4.2 Hybrid Exponential-Polynomial Decay

We propose a hybrid decay function that combines exponential decay (capturing short-term recency) with polynomial decay (capturing long-term structural persistence):

$$ w(t) = \alpha \cdot \exp(-\lambda t) + (1 - \alpha) \cdot \frac{1}{(1 + t)^\beta}

where t is the time elapsed since the edge was created (in days), alpha in [0, 1] is the mixing parameter between exponential and polynomial components, lambda > 0 is the exponential decay rate, and beta > 0 is the polynomial decay exponent. The function satisfies w(0) = 1 (edges at creation have full weight) and w(t) -> 0 as t -> infinity (all edges eventually lose relevance, though the polynomial tail ensures they never reach exactly zero in finite time).

4.3 Parameter Selection from Decision Half-Life

The decay parameters can be derived from the empirical decision half-life, defined as the median time t_{1/2} at which decisions cease to be referenced in subsequent audit records.

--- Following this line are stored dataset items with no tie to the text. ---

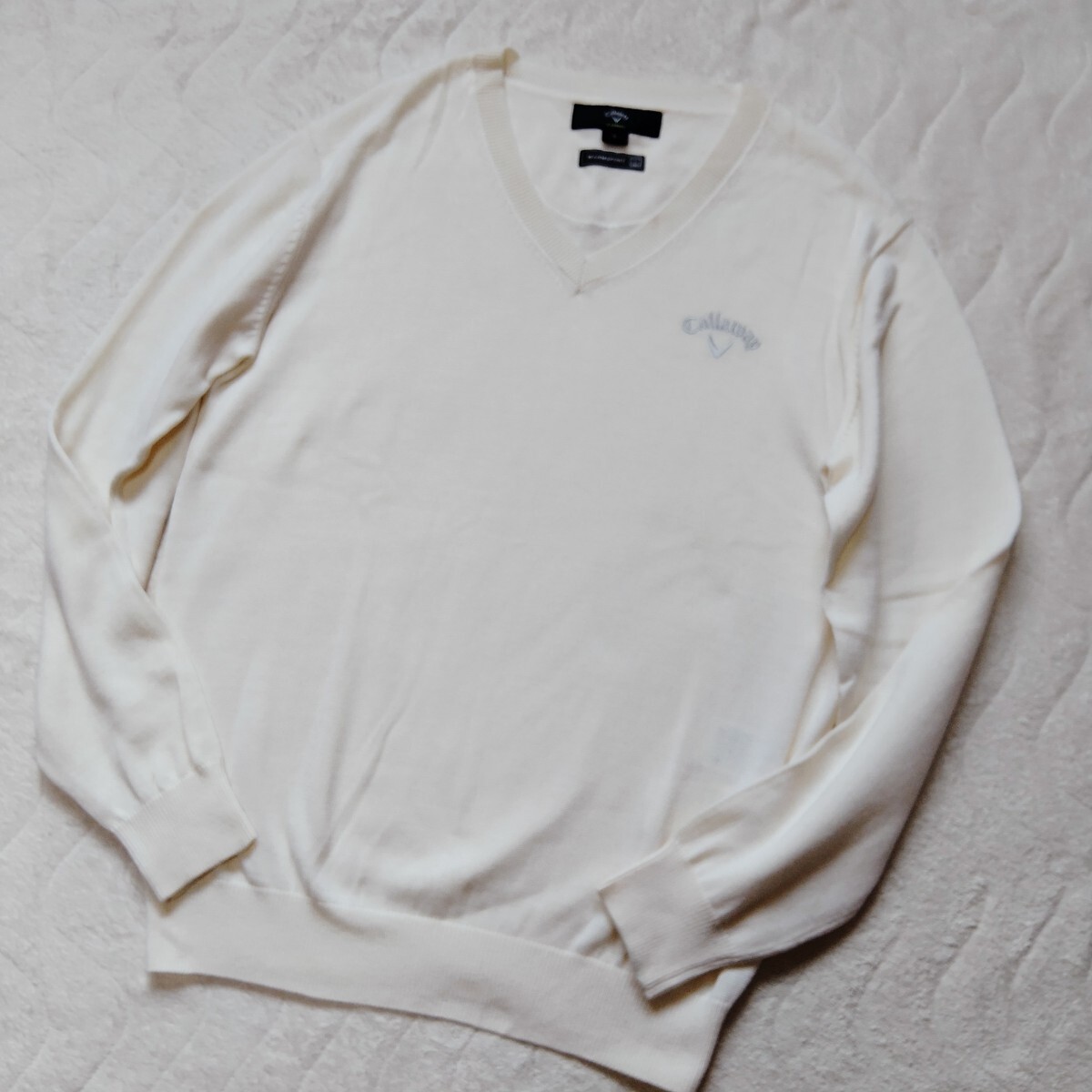 > キャロウェイ Callaway Xシリーズ*長袖薄手ニット*ゴルフウェア メンズ L*アイボリー*Vネック*ロゴ刺繍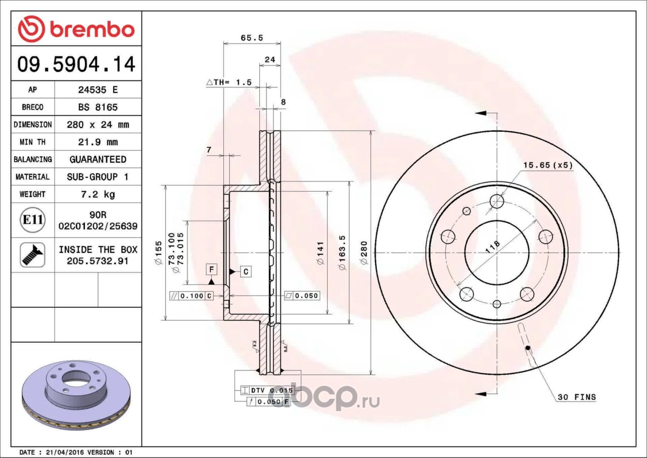 Диск тормозной 09.5904.14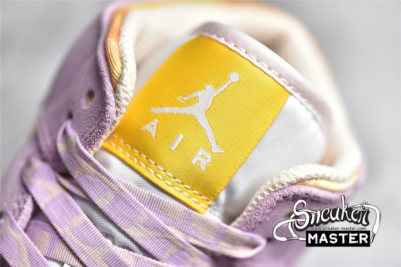 - This mid-top Air Jordan 1 features a White leather base with Arctic Pink suede overlays. A two-tone acid wash textile appears on the collars and laces, white having Gold Swooshes, tongue tags, and insoles. A White midsole atop a Pink rubber outsole completes the design.

From a corpus of 147,000 decision records, we measured t_{1/2} = 42 days for operational decisions, t_{1/2} = 180 days for strategic decisions, and t_{1/2} = 730 days for policy decisions.

Setting w(t_{1/2}) = 0.5 and solving for lambda (with alpha and beta fixed from cross-validation), we obtain lambda = ln(2) / (alpha * t_{1/2}) for the exponential component. For the polynomial component, beta = ln(2) / ((1 - alpha) * ln(1 + t_{1/2})). In practice, we use category-specific parameters: operational edges use lambda = 0.0165, alpha = 0.7, beta = 0.18; strategic edges use lambda = 0.0039, alpha = 0.5, beta = 0.13; policy edges use lambda = 0.00095, alpha = 0.3, beta = 0.10.

4.4 Comparison with Alternative Decay Models

We compared the hybrid decay model against three alternatives on an edge relevance prediction task. For each edge in the test set, the ground truth label is 1 if the edge was referenced in a subsequent audit record within a 90-day window, and 0 otherwise. Results:

Decay ModelAUCPrecision@0.5Recall@0.5
Uniform (no decay)0.71268.4%74.1%
Pure Exponential0.89184.7%82.3%
Pure Power-Law0.87381.9%85.6%
Hybrid Exp-Poly (ours)0.94691.2%89.8%

The hybrid model achieves AUC 0.946, outperforming pure exponential (0.891) and pure power-law (0.873) by substantial margins. The improvement is driven by the model's ability to capture both the rapid initial decay of operational relevance and the slow tail of structural relevance. Pure exponential models underweight long-lived structural edges; pure power-law models underweight the sharp recency signal.


5. Compliance Subgraph Extraction

5.1 Compliance Query Patterns

Governance compliance queries exhibit characteristic structural patterns in the knowledge graph. We identify four canonical compliance query patterns:

  1. Approval Chain Trace: Given a decision node d, extract the complete chain of agents who proposed, validated, and approved d, together with the evidence bundles referenced at each stage. This is a directed path query following proposed_by, transitioned_by, and approved_by edges.
  2. Responsibility Coverage Check: Given a policy node p and a time window [t1, t2], identify all decisions constrained by p that lack the required approval depth. This is a pattern-match query checking for the absence of expected edges.
  3. Cross-Zone Decision Correlation: Given two zone nodes z1 and z2, identify decisions that involved agents from both zones, revealing cross-functional decision dependencies. This is a bipartite subgraph extraction query.
  4. Temporal Anomaly Detection: Given a decision category and a historical baseline, identify decisions whose approval timing deviates significantly from the baseline distribution. This combines temporal edge weights with statistical thresholds.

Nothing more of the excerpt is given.